Supplied records:
..........

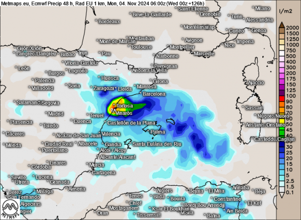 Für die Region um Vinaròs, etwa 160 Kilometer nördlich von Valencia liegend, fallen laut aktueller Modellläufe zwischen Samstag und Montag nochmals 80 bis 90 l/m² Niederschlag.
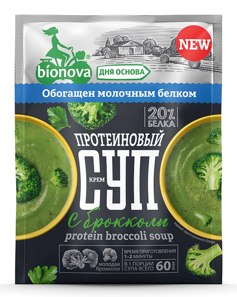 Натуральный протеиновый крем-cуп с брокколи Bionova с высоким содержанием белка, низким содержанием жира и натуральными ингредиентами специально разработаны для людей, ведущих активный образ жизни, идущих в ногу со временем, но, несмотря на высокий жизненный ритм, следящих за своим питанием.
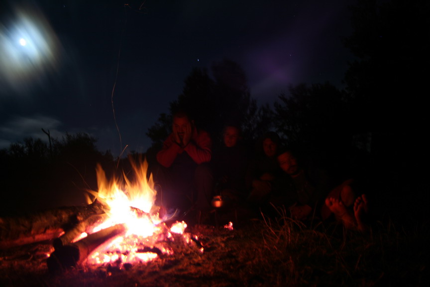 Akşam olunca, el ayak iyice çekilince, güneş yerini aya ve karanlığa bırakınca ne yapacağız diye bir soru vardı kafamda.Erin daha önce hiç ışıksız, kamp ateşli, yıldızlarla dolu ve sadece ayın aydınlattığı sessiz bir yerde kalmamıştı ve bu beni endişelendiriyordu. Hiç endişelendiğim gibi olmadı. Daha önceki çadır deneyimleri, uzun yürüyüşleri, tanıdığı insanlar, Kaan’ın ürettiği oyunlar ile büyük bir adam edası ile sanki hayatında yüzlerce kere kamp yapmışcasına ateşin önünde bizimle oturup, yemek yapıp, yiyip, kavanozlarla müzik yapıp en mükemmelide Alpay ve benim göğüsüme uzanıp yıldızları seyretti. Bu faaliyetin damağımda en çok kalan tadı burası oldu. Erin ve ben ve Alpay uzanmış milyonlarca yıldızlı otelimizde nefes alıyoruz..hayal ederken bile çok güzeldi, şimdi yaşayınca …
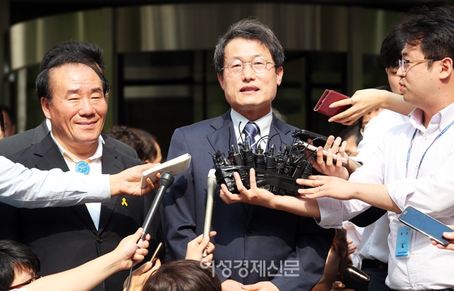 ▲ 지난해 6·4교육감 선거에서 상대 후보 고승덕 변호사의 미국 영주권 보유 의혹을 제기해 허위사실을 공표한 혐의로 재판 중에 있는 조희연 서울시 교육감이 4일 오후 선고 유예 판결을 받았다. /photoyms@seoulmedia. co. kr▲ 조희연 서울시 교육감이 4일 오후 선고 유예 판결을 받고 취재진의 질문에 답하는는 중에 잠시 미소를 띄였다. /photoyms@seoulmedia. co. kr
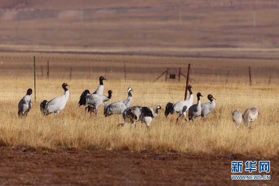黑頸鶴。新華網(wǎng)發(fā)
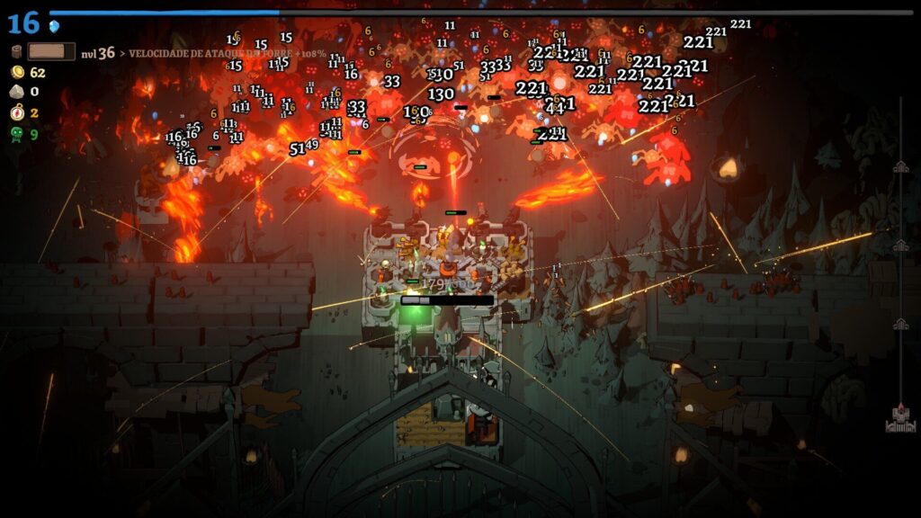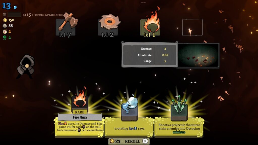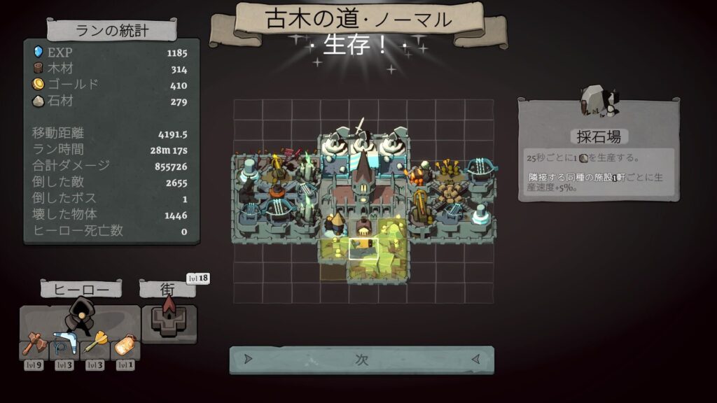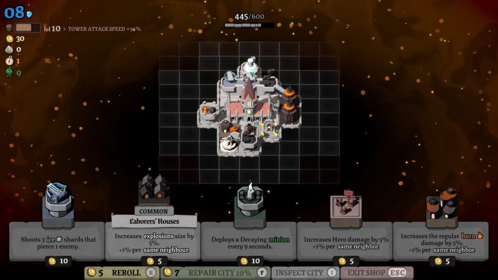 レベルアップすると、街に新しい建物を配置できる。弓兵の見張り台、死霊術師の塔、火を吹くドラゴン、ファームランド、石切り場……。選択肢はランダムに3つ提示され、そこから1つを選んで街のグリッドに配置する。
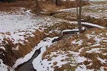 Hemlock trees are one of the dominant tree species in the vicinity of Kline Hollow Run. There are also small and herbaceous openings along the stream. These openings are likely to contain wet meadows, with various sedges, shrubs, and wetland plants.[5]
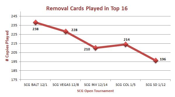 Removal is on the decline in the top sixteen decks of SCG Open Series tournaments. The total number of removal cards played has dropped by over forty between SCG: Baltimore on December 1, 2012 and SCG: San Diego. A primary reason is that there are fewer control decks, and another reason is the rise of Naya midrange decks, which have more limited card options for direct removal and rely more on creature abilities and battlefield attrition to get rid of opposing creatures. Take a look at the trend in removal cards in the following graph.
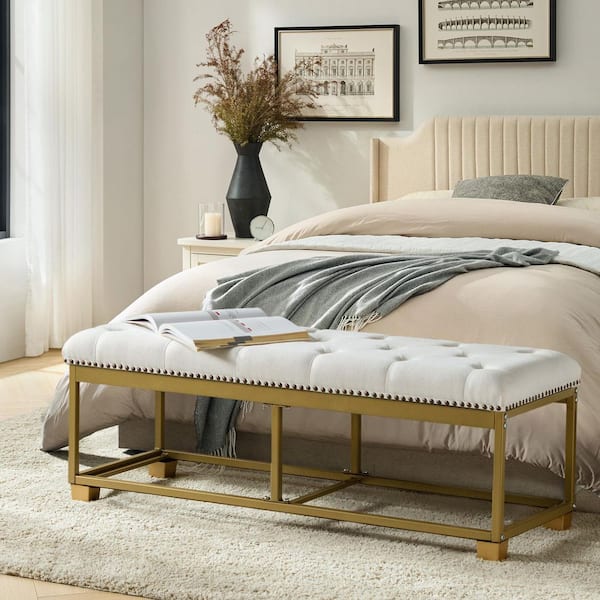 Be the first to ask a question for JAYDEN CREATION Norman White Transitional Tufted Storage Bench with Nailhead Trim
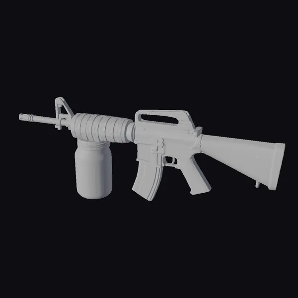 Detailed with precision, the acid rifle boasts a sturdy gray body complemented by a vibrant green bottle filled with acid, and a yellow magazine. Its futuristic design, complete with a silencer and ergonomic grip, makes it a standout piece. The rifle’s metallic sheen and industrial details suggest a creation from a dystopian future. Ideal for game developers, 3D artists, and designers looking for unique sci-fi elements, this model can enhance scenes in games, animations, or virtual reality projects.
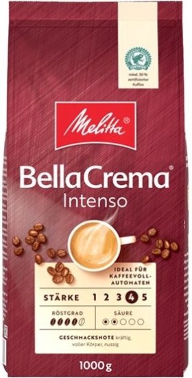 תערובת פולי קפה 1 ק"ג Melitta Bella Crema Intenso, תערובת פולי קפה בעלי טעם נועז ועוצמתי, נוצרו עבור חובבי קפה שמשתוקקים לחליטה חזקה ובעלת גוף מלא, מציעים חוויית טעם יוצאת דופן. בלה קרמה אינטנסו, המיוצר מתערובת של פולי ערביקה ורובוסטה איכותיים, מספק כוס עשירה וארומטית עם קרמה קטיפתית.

..........

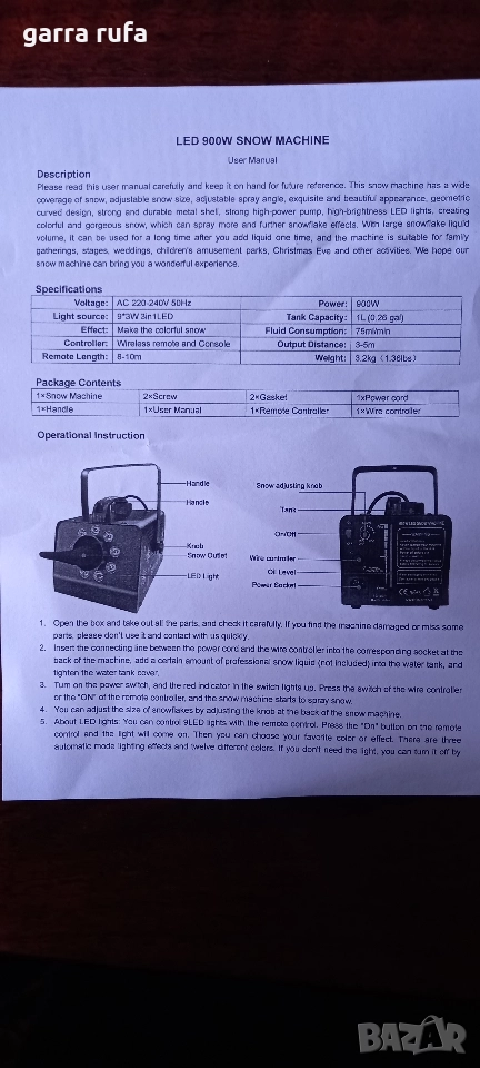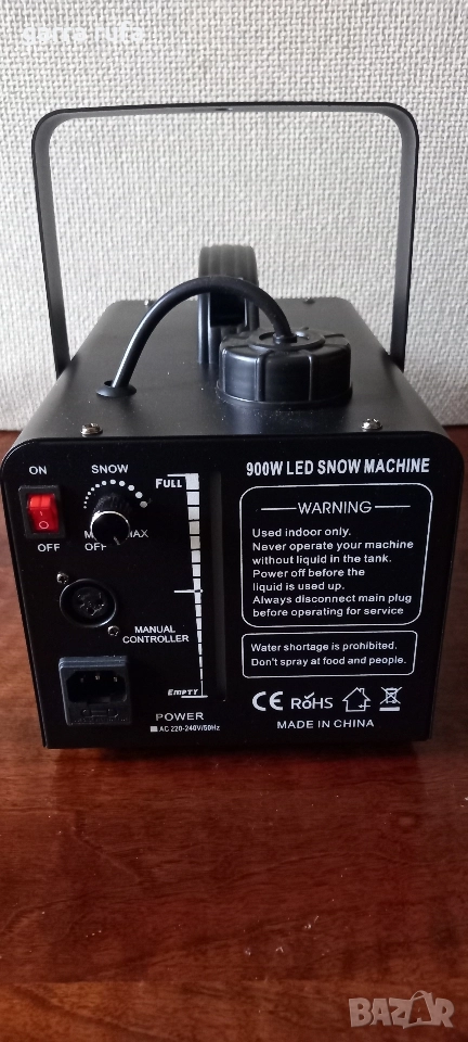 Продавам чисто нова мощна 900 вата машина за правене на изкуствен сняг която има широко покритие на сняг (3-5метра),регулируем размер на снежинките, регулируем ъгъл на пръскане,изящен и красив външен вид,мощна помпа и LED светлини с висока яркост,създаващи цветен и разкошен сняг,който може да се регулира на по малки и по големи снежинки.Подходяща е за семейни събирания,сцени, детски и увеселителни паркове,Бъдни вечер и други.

..........

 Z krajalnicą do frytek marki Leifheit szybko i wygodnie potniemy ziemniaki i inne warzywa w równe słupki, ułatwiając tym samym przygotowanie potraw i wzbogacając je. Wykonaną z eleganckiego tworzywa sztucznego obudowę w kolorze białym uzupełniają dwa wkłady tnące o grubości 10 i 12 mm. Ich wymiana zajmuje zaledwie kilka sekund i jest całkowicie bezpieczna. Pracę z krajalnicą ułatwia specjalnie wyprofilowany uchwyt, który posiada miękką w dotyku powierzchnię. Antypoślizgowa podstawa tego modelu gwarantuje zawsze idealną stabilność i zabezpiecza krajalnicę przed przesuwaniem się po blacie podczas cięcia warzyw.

..........

Description of the task:
When copying from the data above, begin at the line containing "Removal is on" and end at the line containing "תערובת פולי קפה 1"; return those lines exactly and leave all pictures behind.

Task result:
 Removal is on the decline in the top sixteen decks of SCG Open Series tournaments. The total number of removal cards played has dropped by over forty between SCG: Baltimore on December 1, 2012 and SCG: San Diego. A primary reason is that there are fewer control decks, and another reason is the rise of Naya midrange decks, which have more limited card options for direct removal and rely more on creature abilities and battlefield attrition to get rid of opposing creatures. Take a look at the trend in removal cards in the following graph.
 Be the first to ask a question for JAYDEN CREATION Norman White Transitional Tufted Storage Bench with Nailhead Trim
 Detailed with precision, the acid rifle boasts a sturdy gray body complemented by a vibrant green bottle filled with acid, and a yellow magazine. Its futuristic design, complete with a silencer and ergonomic grip, makes it a standout piece. The rifle’s metallic sheen and industrial details suggest a creation from a dystopian future. Ideal for game developers, 3D artists, and designers looking for unique sci-fi elements, this model can enhance scenes in games, animations, or virtual reality projects.
 תערובת פולי קפה 1 ק"ג Melitta Bella Crema Intenso, תערובת פולי קפה בעלי טעם נועז ועוצמתי, נוצרו עבור חובבי קפה שמשתוקקים לחליטה חזקה ובעלת גוף מלא, מציעים חוויית טעם יוצאת דופן. בלה קרמה אינטנסו, המיוצר מתערובת של פולי ערביקה ורובוסטה איכותיים, מספק כוס עשירה וארומטית עם קרמה קטיפתית.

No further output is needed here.